# Fetch Reference Data from Scopus API

Resources:

- [Scopus Abstract Retrieval Views](https://dev.elsevier.com/sc_abstract_retrieval_views.html)
- [Scopus Retrieval API](https://dev.elsevier.com/documentation/AbstractRetrievalAPI.wadl)
- [Interactive Scopus API](https://dev.elsevier.com/scopus.html)
- [API Settings (rate limits)](https://dev.elsevier.com/api_key_settings.html)
- Remember Logging In to Cisco VPN!!!


In this notebook, we use the `ScopusReferenceFetcher` to retrieve references for a list of Scopus IDs.

Key features:
1. Automatic API key rotation when rate limits are hit
2. Saves progress after every 500 requests
3. Resumes from last saved state if interrupted
4. Comprehensive logging of progress and errors
5. Handles multiple API keys with different rate limits

The process:
1. Loads previously processed data to avoid duplicates
2. Filters the input dataframe to only unprocessed articles
3. Processes articles in batches, rotating API keys as needed
4. Saves progress after each batch
5. Logs all operations and errors for debugging

In [1]:
import pandas as pd
import json
import requests
from requests.adapters import HTTPAdapter
from requests.packages.urllib3.util.retry import Retry
from tqdm import tqdm
import logging
from math import ceil
import sys
import datetime
import os
%load_ext autoreload
%autoreload 2

from src.data.ScopusReferenceFetcher import ScopusReferenceFetcher
from src.data.ScopusReferenceFetcherUtils import (
    ScopusRefFetcherPrep,
    ScopusRefFetcherProcessor,
)

# Setup and Initialization

In [3]:
# Get all API keys
api_keys = ScopusRefFetcherPrep.get_api_keys()
print(f"Available API keys: {', '.join(api_keys.keys())}")

# Setup logging
log_directory = "../data/01-raw/references"
ScopusRefFetcherProcessor.setup_logging(log_directory, log_level=logging.INFO)


# load data
df_path = "../data/02-clean/articles/scopus_cleaned_20250326_081230.pkl"
df = pd.read_pickle(df_path)
print(f"Total articles to process: {len(df)}")

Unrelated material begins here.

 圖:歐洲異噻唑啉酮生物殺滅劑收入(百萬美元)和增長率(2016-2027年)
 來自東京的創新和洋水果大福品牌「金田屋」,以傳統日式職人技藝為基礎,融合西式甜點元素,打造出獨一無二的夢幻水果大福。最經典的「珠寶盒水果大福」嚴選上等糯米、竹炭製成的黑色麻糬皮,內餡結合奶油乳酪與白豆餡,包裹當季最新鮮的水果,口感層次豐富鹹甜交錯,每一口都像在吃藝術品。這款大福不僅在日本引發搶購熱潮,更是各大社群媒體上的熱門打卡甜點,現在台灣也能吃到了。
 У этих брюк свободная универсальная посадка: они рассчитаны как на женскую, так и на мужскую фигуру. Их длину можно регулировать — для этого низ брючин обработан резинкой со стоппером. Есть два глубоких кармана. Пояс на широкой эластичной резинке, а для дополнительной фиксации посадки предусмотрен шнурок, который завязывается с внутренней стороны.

Comment:  rate limits are 40,000 per week for api_key_A and 10,000 for every other key
Available API keys: api_key_A, api_key_B, api_key_deb, api_key_haoxin
Total articles to process: 38961


# Load Previously Processed Data

In [6]:
# Initialize prepper
prepper = ScopusRefFetcherPrep()

# Load previously processed data
refs_path = "../data/01-raw/references"
# create this 
eids, max_batch = prepper.load_fetched_reference_data(refs_path)

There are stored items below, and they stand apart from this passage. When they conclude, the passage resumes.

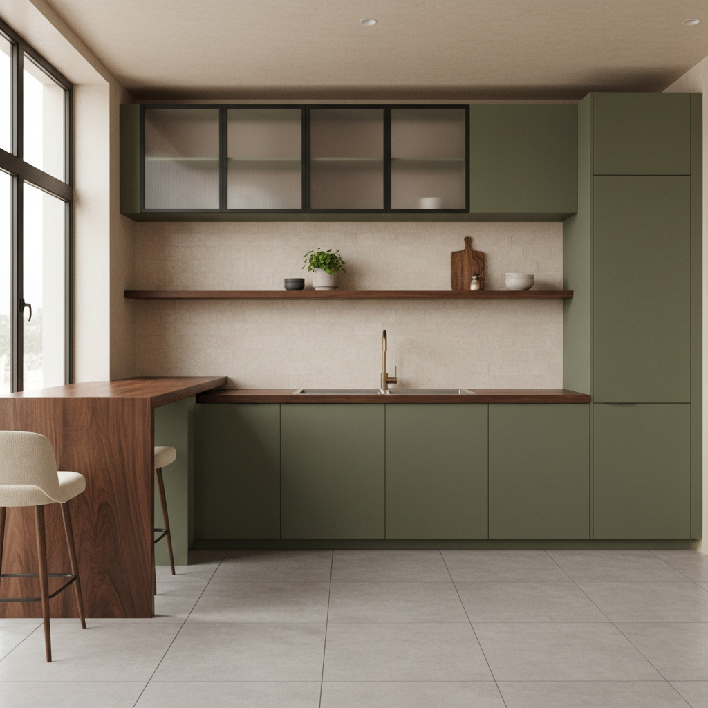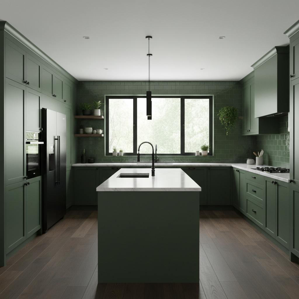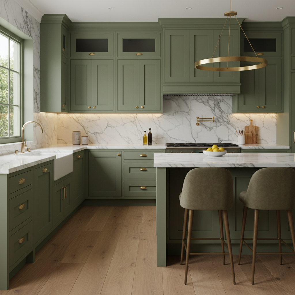 Deep olive green brings a rich, sophisticated drama to the kitchen. This earthy, profound hue is perfect for creating a cozy, luxurious, and grounded space. It evokes the feeling of a lush forest, offering a sense of stability and timeless elegance. Olive green works wonderfully in both traditional and modern settings, providing a strong anchor for your design.
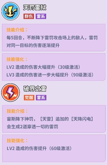 2、宙斯天罚雷狱技能固定回合降下雷罚攻击敌人,对同一目标伤害逐步叠加,等级提升后能大幅增强单次攻击伤害。
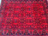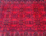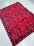 Authentic Handmade Afghan Andkhoy Rug. Above All It Has A Pure Hand Spun Wool Pile On Cotton Base. It Also Has a Maroon/Burgundy Tone Dyed Using Traditional Methods. This Rug Is Durable and Would Look Fantastic On Hard Flooring.
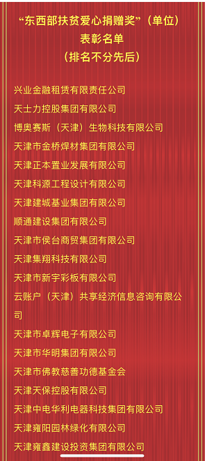 佟潔總經(jīng)理參加了此次表彰大會(huì)。華明集團(tuán)榮獲了“東西部扶貧愛(ài)心捐贈(zèng)獎(jiǎng)”的榮譽(yù)稱號(hào)。華明集團(tuán)在天津發(fā)展的39年來(lái),將產(chǎn)業(yè)發(fā)展和慈善公益事業(yè)逐漸融合為一個(gè)有機(jī)體,以“四海同心”為精神攜領(lǐng),以“傳承和光大中華民族傳統(tǒng)美德”為己任,秉承“取之社會(huì),用之社會(huì)”的公益理念,長(zhǎng)期支持公益事業(yè)建設(shè),逐漸形成以捐建希望小學(xué)暨發(fā)起希望教師工程、參與慈善萬(wàn)人行、支持華文教育、推動(dòng)參與精準(zhǔn)扶貧工作等為主體的慈善公益體系項(xiàng)目,捐資總額近400萬(wàn)元。
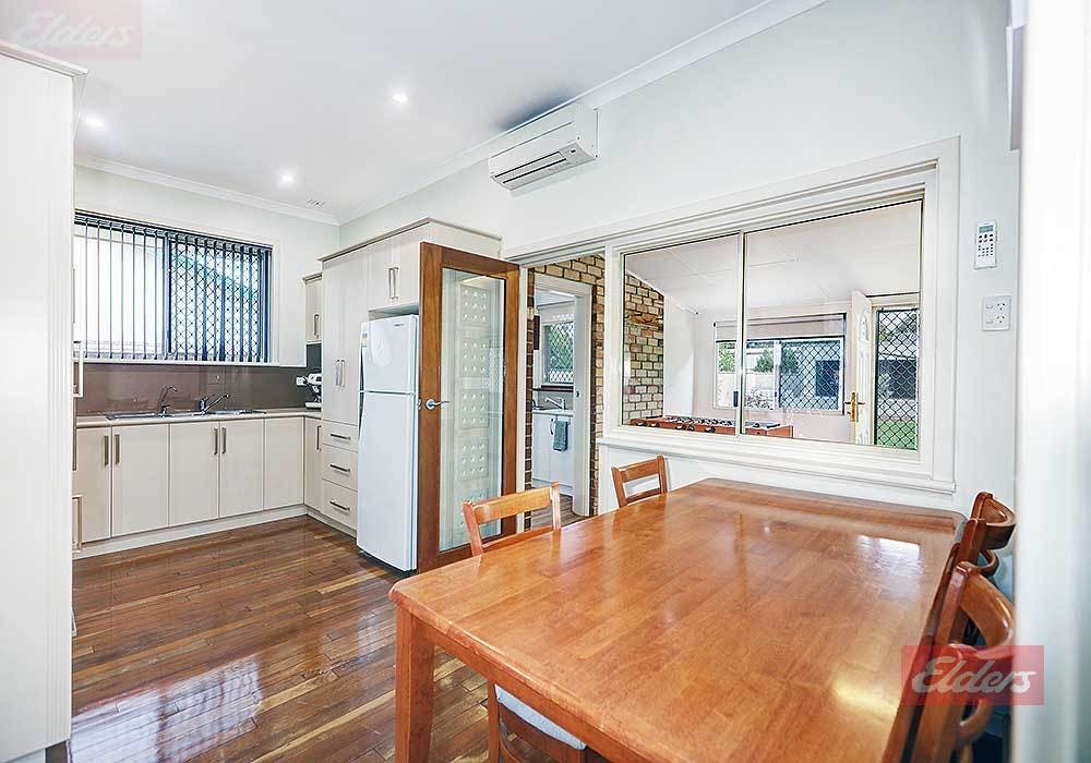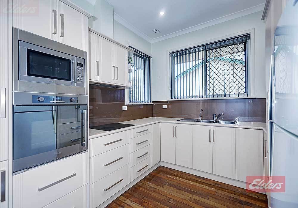 Updated kitchen/dining with wall oven, integrated microwave, built in pantry, ample cupboard and bench space and R/C split system air conditioning

# Filter dataframe to unprocessed articles
df_filtered = prepper.load_and_filter_articles(df_path, eids)

print(f"Previously processed articles: {len(eids)}")
print(f"Remaining articles to process: {len(df_filtered)}")
print(f"Last processed batch: {max_batch}")

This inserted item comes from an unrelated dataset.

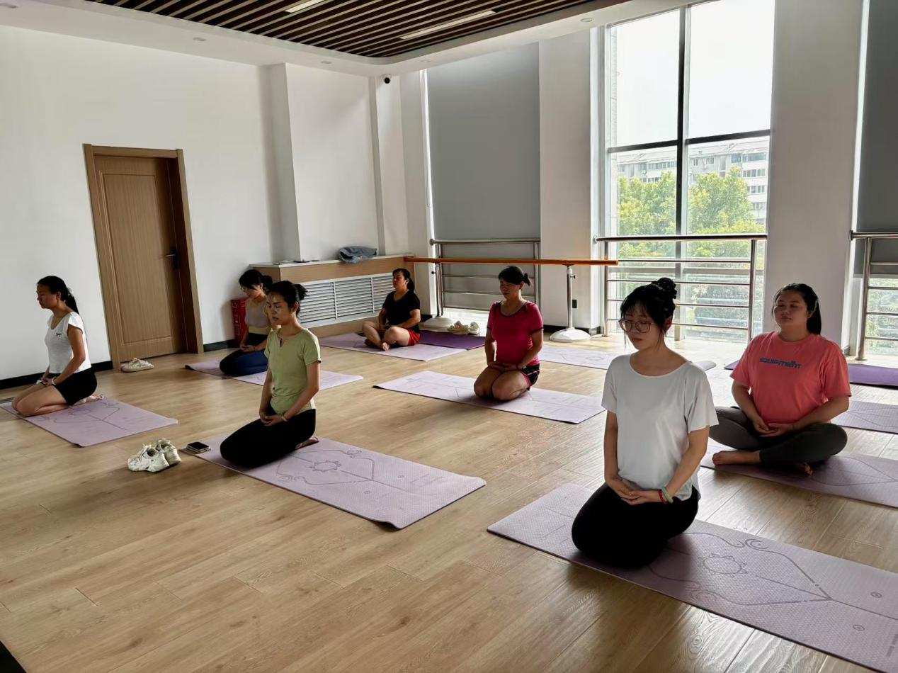 女职工们随着口令缓缓舒展身体,在一呼一吸间放松肩颈、拉伸腰背。在教练的引导下进行身体扫描,彻底释放积攒的压力,不少人表示“仿佛给身心充了一次电”。
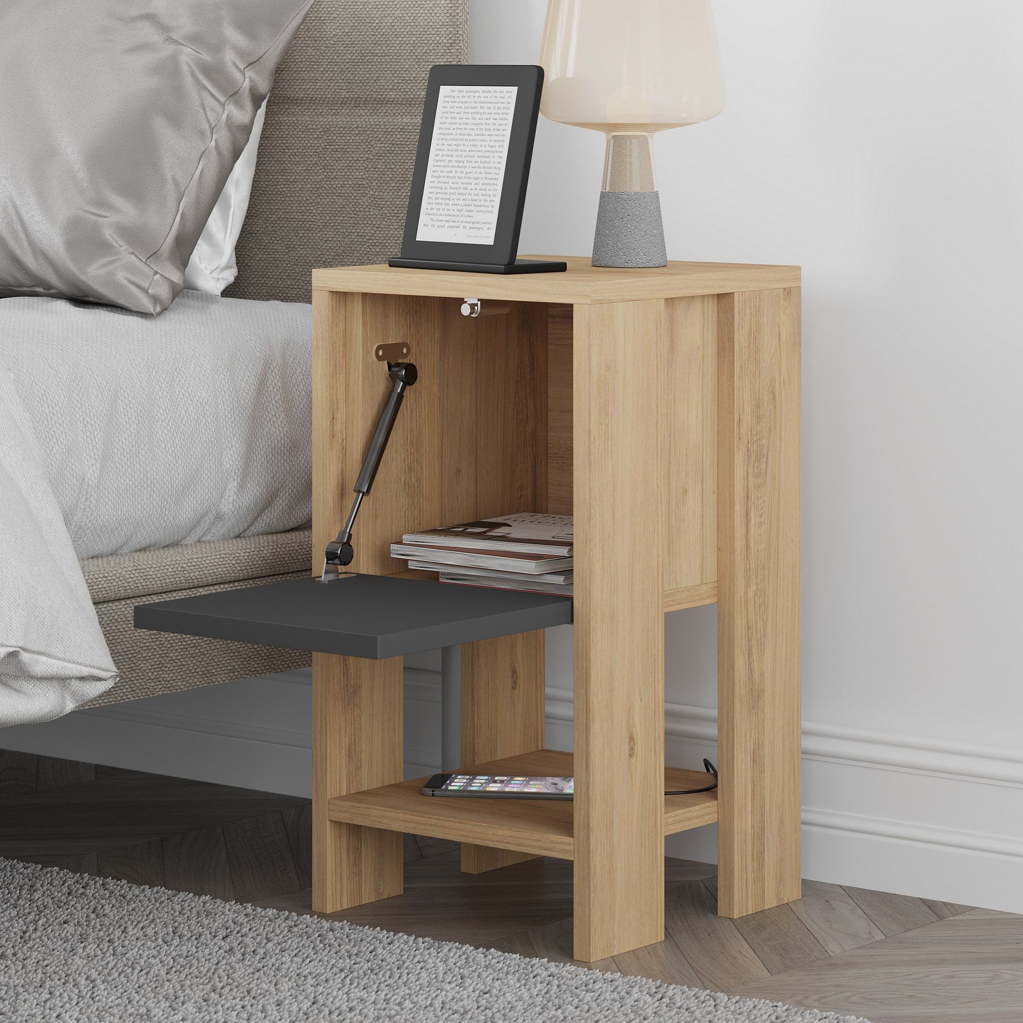 Met een effen kleurenconcept past ons nachtkastje naadloos in elke interieurstijl en voegt het een vleugje moderniteit en nieuwigheid toe aan je slaapkamer. De combinatie van eikenhout en antraciet creëert een prachtig visueel contrast, waardoor het een pronkstuk in je kamer wordt.

ValueError: max() arg is an empty sequence

# Process Articles

In [None]:
# Initialize processor
processor = ScopusRefFetcherProcessor()

# Process batches with automatic API key rotation
processor.process_scopus_batches(
    api_keys=api_keys,
    df_to_fetch=df_filtered,
    data_path="../data/01-raw/references",
    last_processed_batch=max_batch,
    batch_size=500,
)